Along Came Polly (original) (raw)

Published on January 14, 2004 05:00AM EST

Photo: Along Came Polly: Tracy Bennet

All too often, when I wander through a megaplex lobby, I’ll glance up at a poster for some forthcoming romantic comedy, and the two stars beaming at each other will look as if they’ve been placed there by accident, a celebrity dating service — by anything but the destiny of love. Ben Stiller and Jennifer Aniston? Why not Lisa Kudrow and John Cusack? Josh Hartnett and Maggie Gyllenhaal? Jessica Simpson and DMX? (I mean, really — why not?) Putting these pairs together isn’t about chemistry; it’s about the physics of meshing demographics. These are romances shaped by agents and focus groups and by the directors who think like them. It’s no wonder movies like Along Came Polly have all the spontaneity of corporate mergers.

Which is not to say that they’re always unwatchable. I chuckled a few times at ”Along Came Polly,” if only because Ben Stiller is willing to stoop as low as he can to turn himself into a clown prince of humiliation: the man who would be dork. As Reuben Feffer, a risk assessor at an insurance firm, Stiller is playing a domesticated masochist, a fellow so cautious and tame he won’t dare to eat from a bowl of nuts at a bar for fear of consuming everyone else’s bathroom germs. It’s enough to make you wonder how he got to be buddies with Sandy (Philip Seymour Hoffman), a tortured vulgarian who tells you when his flatulence carries a little something…extra. (Hoffman might be playing the Method Jack Black.)

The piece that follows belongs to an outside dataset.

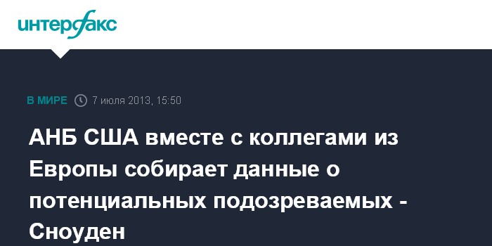 АНБ США вместе с коллегами из Европы собирает данные о потенциальных подозреваемых - Сноуден
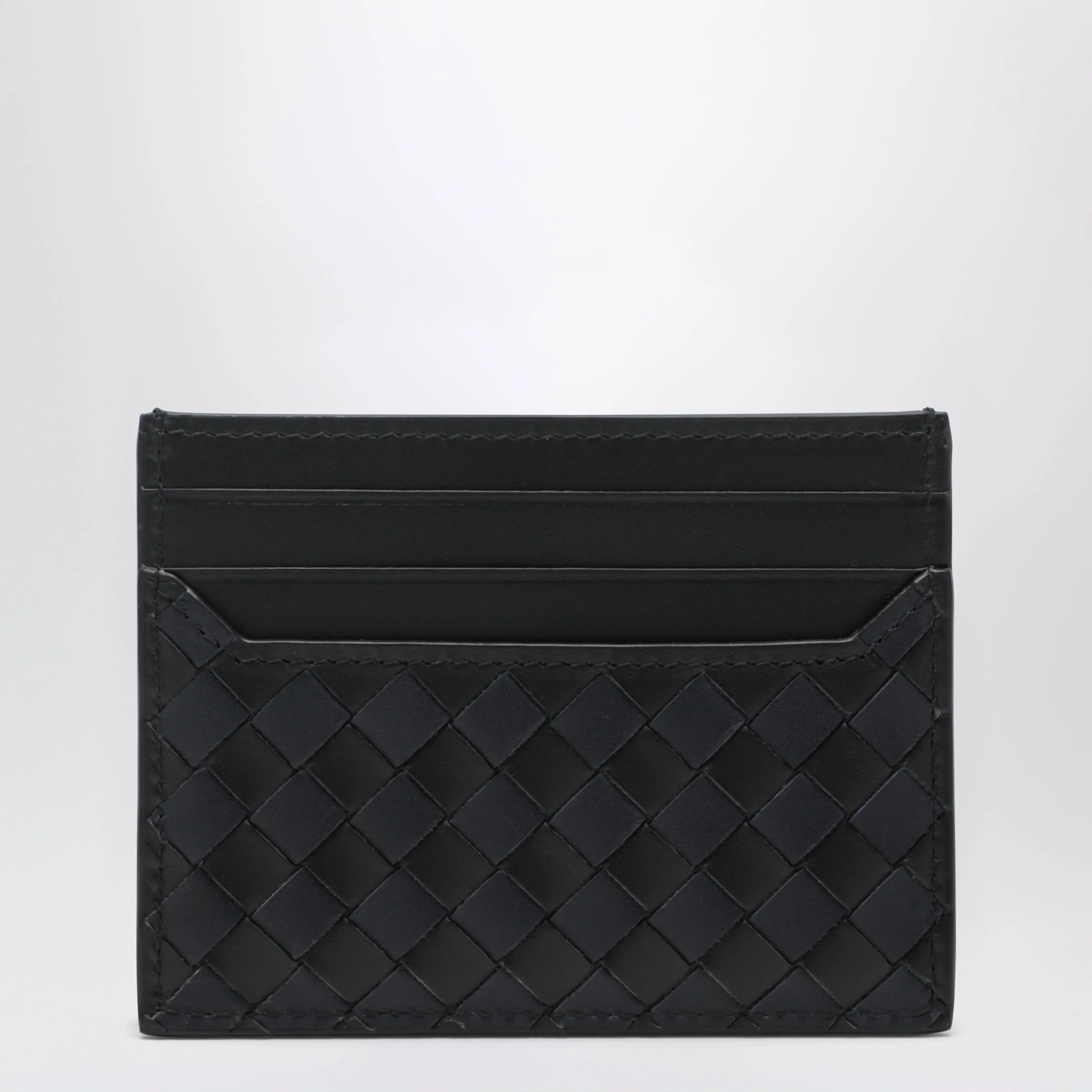 Leather card holder with all-over Intrecciato motif by Bottega Veneta• Color: Neroblu• Four card slots• One central pocket• Two-tone effect

The setup for ”Along Came Polly” is ”The Heartbreak Kid” in reverse, with Reuben, on the first day of his St. Barts honeymoon, discovering that his wife (Debra Messing) has entwined her flippers with a French scuba hunk (Hank Azaria). Back in New York, he’s despondent until he meets Polly (Aniston), a former junior high acquaintance who has grown up into a lovely, if flaky, underachiever. The two appear to like each other, so the only real obstacle to their affair is Reuben’s mania for cautious self-control.

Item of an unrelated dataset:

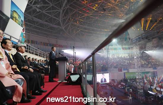 또한 개막식에 함께한 북한의 장웅 국제올림픽위원회(IOC) 위원과 국제태권도연맹(ITF) 소속 북한 태권도 시범단을 향해 “진심 어린 환영의 말씀을 드린다”며 “태권도에서 이뤄낸 이번 성과가 내년 평창동계올림픽으로 이어지기를 기대한다”고 말했다.
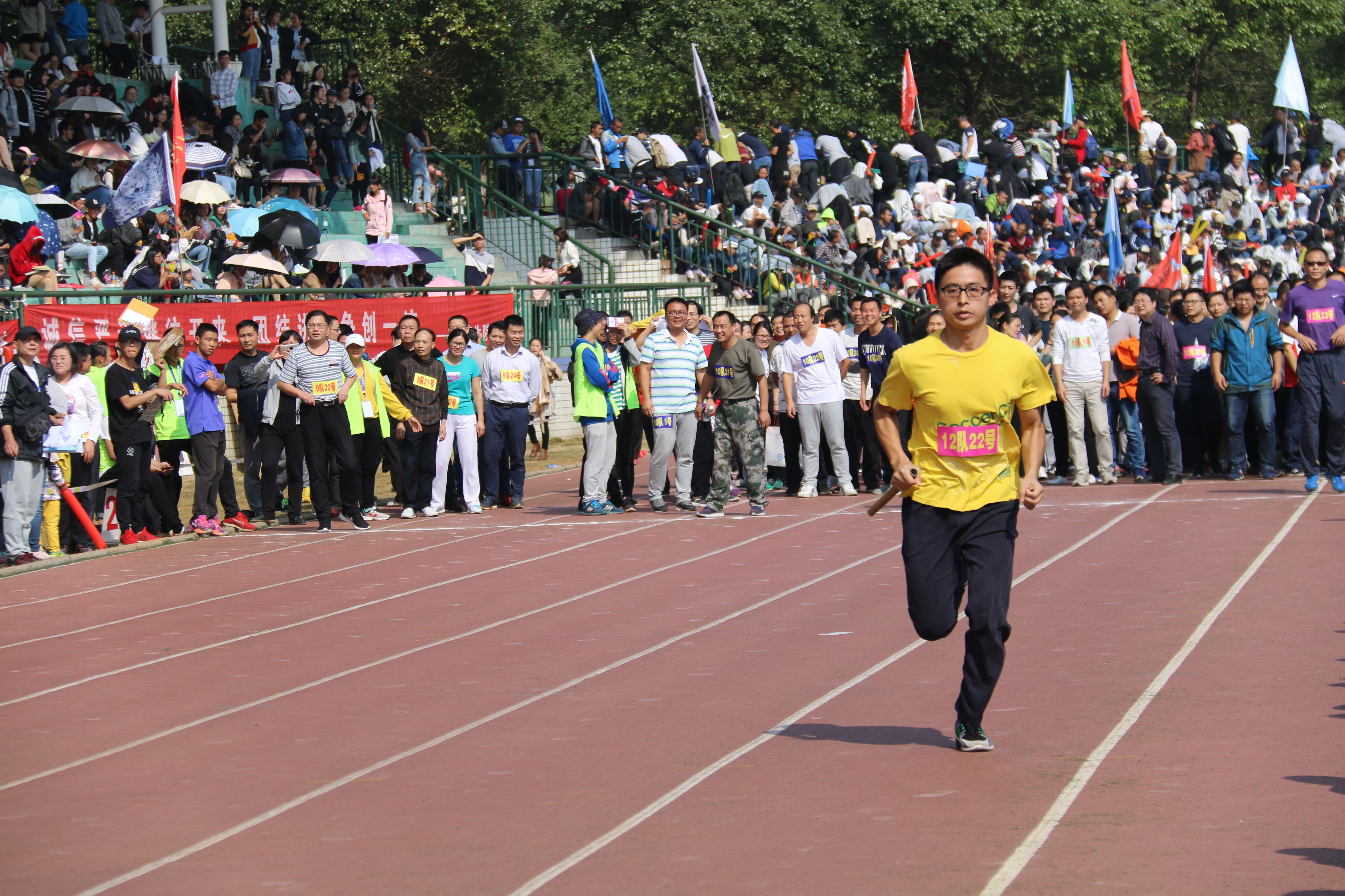 正式开始之前,球盟会教职工参与的100米×30人“团结杯”接力赛已经将现场的气氛点燃,球盟会30位教师代表公司参加了这次“别样”的运动会。教师们紧握接力棒,目光专注,以此来回应观众们高涨的热情。“预备——跑!”教师们奋力前行,一马当先,以领先一百米的速度夺得了第一名。

Having giggled at ”Meet the Parents” and, even more so, at the underrated ”Zoolander,” I have stumbled, I think, onto the golden principle of Ben Stiller comedy: When he acts like an obvious, uptight moron, as in the bit where Reuben tries to plunge out Polly’s stuffed-up toilet with her $200 loofah or dances at an underground salsa club as if he had five tangled limbs, he’s no funnier than Adam Sandler on a lukewarm day. But when Stiller acts like an obvious, uptight moron who has decided he’s cool, he’s extremely funny. Witness his return trip to that salsa floor, where he does a disco tango routine swishy enough to make Ricky Ricardo retch.

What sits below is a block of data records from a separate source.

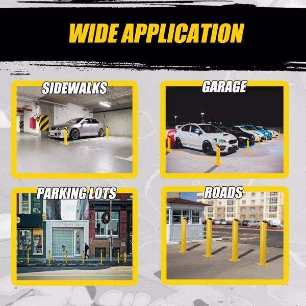 48inch Safety Bollards Yellow Powder Coated Steel Parking Barrier Post with 4 Anchor Bolts High Traffic Areas-2PCS Parking Curbs
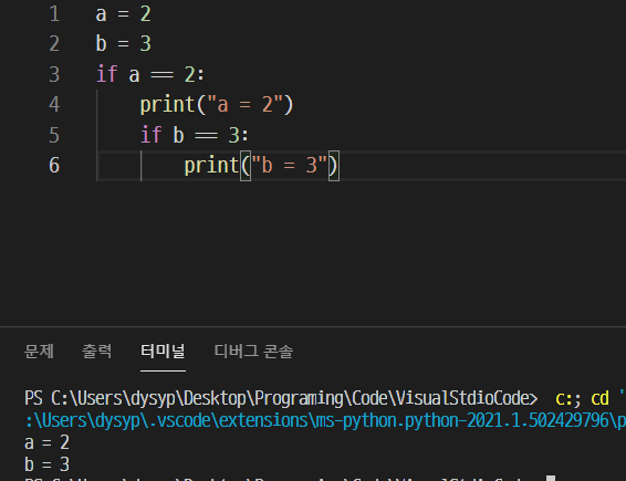 1,2행에서 a,b에 각각 2와 3을 넣어줬고, 3행에서 a == 2인지 조건 만족 여부를 확인한다. 만약 만족할시 4행의 print()가 실행되고 그 다음에 b == 3인지 조건 만족 여부를 확인하는 2번째 if문이 나온다. 이 if문 역시 일반 if문과 똑같이 조건에 만족한다면 if 안의 코드를 실행하는 역할을 한다. 다만 중요한점은 중첩 if를 써줬다면 중첩 if 조건이 맞을시 실행하는 코드는 한번 더 들여쓰기를 해줘야한다. 즉 2번 들여쓰기를 하는 것이다.
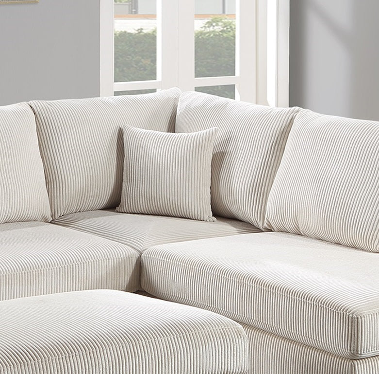 Ivory Color 3pc Sectional Set Corduroy Upholstered LAF Sofa RAF Chaise Ottoman L-Sectional Living Room Furniture

It doesn’t say a lot for one’s leading-man prospects when you’re at your funniest looking bad while trying to look good. Playing men named Feffer and Focker, Stiller, with his choppy haircut and simian stoop and gritted-teeth grin, has become the Last Jewish Loser in a world of streamlined Hollywood WASPs. ”Along Came Polly” is nothing if not a chick flick for guys. The fantasy of Stiller rescued by Jennifer Aniston as a taut-bellied, genially undemanding princess whose greatest flaw is that her apartment is a bit messy could easily prove more pleasing to men than to the women who may wonder if she’s settling. I’m enough of a fan of Aniston’s ordinary-girl sparkle to feel that she generates a facsimile of chemistry just by gazing at Stiller with equal parts disparagement and warmth. But ”Along Came Polly” leaves you wondering what these two will look like when the honeymoon is over.